◆ **DESCRIPTION OF THE TASK**
Look in the material below for the line with "The spa-like primary" and the line with "Штучная масляная краска", then set down exactly those two lines and all lines between, nothing more.

◆ **SOURCE MATERIAL**
BEGIN

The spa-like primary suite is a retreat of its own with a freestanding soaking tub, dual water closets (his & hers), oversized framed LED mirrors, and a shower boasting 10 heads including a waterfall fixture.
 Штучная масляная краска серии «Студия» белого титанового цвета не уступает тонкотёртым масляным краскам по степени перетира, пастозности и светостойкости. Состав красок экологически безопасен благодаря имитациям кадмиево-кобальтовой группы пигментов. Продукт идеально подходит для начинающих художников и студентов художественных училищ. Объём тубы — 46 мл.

END
BEGIN

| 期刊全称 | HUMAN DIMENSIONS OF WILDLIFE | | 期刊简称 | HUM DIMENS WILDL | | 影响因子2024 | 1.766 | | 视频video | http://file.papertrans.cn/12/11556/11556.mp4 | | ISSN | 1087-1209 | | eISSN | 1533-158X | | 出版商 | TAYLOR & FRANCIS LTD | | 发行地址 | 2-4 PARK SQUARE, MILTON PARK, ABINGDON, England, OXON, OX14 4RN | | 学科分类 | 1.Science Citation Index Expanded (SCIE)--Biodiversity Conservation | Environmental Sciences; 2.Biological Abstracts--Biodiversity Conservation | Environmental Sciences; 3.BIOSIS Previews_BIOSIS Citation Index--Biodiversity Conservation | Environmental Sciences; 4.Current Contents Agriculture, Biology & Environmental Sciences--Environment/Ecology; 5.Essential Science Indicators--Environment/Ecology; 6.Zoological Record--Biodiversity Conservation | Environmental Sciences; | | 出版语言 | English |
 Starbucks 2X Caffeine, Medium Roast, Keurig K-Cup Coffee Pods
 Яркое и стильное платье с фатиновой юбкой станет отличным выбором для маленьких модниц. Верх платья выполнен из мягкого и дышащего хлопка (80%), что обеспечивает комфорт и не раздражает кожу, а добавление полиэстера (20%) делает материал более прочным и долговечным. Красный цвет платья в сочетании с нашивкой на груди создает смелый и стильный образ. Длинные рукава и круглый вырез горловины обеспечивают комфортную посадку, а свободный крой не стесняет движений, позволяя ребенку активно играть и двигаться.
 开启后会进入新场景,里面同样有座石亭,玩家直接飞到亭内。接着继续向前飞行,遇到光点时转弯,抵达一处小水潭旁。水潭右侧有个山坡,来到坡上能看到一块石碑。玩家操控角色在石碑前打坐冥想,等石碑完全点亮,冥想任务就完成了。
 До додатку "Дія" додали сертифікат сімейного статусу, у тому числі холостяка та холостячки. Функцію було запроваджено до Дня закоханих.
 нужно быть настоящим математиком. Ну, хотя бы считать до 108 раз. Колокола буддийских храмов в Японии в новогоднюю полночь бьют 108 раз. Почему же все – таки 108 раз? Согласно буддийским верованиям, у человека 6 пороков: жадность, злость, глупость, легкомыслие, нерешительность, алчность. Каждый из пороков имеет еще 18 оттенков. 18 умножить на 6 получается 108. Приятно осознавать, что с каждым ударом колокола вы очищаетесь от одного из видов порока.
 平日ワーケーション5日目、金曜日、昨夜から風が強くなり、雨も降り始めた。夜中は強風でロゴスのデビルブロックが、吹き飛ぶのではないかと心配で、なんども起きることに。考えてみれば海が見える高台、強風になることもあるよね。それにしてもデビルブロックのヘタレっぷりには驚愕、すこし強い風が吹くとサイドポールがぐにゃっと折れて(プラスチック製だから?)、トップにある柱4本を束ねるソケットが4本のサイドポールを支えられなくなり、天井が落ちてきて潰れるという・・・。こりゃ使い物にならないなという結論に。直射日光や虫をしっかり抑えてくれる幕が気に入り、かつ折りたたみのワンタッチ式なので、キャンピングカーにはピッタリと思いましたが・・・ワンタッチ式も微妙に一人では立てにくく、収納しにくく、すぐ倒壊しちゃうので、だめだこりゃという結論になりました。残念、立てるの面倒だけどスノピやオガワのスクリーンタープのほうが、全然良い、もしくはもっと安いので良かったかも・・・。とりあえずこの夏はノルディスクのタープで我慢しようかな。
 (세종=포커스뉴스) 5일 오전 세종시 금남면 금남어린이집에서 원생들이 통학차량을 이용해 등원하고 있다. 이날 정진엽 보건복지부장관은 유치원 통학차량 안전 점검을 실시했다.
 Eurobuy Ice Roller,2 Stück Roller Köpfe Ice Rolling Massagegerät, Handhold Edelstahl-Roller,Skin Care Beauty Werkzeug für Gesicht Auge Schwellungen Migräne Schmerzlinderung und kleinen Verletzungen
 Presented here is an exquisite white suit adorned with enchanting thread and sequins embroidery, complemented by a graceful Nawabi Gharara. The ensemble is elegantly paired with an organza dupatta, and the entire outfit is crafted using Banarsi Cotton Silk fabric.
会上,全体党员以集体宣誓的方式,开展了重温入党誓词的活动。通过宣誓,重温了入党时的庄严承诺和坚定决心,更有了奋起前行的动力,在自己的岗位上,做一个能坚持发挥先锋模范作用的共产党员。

END

◆ **RESPONSE FOR THIS EXERCISE**
The spa-like primary suite is a retreat of its own with a freestanding soaking tub, dual water closets (his & hers), oversized framed LED mirrors, and a shower boasting 10 heads including a waterfall fixture.
 Штучная масляная краска серии «Студия» белого титанового цвета не уступает тонкотёртым масляным краскам по степени перетира, пастозности и светостойкости. Состав красок экологически безопасен благодаря имитациям кадмиево-кобальтовой группы пигментов. Продукт идеально подходит для начинающих художников и студентов художественных училищ. Объём тубы — 46 мл.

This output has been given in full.